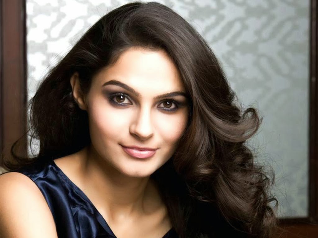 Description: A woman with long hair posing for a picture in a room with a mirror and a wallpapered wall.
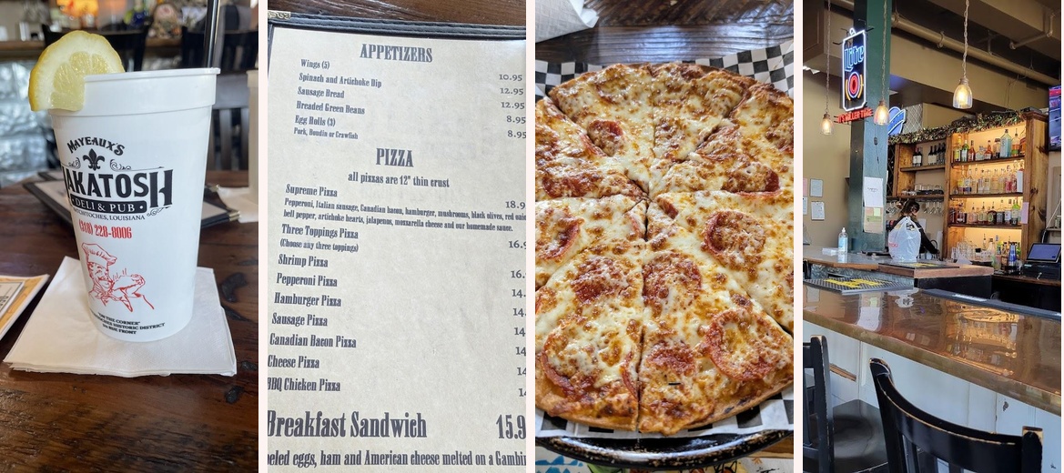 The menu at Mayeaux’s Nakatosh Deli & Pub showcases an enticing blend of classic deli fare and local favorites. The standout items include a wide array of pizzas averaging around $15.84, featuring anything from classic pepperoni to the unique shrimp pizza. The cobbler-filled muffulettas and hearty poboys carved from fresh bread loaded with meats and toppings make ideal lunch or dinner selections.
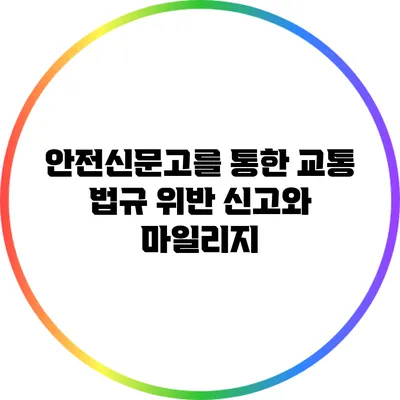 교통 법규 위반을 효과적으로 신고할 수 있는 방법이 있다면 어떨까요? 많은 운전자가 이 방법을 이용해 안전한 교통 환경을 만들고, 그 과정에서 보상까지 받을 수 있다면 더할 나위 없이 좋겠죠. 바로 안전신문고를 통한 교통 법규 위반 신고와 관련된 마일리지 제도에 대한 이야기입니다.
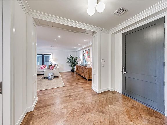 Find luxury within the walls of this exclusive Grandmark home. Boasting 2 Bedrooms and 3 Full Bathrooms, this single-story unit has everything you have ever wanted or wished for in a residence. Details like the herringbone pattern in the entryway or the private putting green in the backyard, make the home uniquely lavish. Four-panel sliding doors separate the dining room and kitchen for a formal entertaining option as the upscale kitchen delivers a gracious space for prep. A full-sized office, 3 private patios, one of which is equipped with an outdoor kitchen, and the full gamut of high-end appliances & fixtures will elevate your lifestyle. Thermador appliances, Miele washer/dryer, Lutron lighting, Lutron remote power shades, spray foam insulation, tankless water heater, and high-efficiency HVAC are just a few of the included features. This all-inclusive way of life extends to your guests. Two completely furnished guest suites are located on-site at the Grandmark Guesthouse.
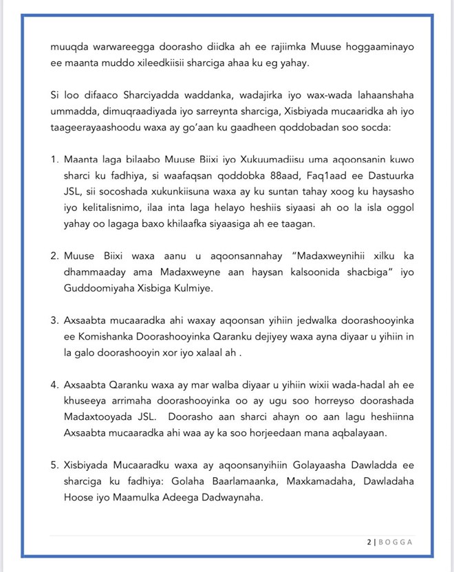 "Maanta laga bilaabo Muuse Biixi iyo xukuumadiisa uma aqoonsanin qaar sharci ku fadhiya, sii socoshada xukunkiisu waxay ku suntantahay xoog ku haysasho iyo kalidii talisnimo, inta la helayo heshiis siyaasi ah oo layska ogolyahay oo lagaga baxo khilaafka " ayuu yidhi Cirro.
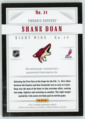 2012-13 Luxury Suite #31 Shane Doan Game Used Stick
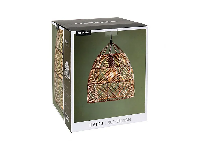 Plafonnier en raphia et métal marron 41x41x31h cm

> **Prompt**
With pictures excluded, reproduce exactly the lines above from the one containing "The menu at" down to the one containing "교통 법규 위반을 효과적으로", those two included.

> **Answer**
 The menu at Mayeaux’s Nakatosh Deli & Pub showcases an enticing blend of classic deli fare and local favorites. The standout items include a wide array of pizzas averaging around $15.84, featuring anything from classic pepperoni to the unique shrimp pizza. The cobbler-filled muffulettas and hearty poboys carved from fresh bread loaded with meats and toppings make ideal lunch or dinner selections.
 교통 법규 위반을 효과적으로 신고할 수 있는 방법이 있다면 어떨까요? 많은 운전자가 이 방법을 이용해 안전한 교통 환경을 만들고, 그 과정에서 보상까지 받을 수 있다면 더할 나위 없이 좋겠죠. 바로 안전신문고를 통한 교통 법규 위반 신고와 관련된 마일리지 제도에 대한 이야기입니다.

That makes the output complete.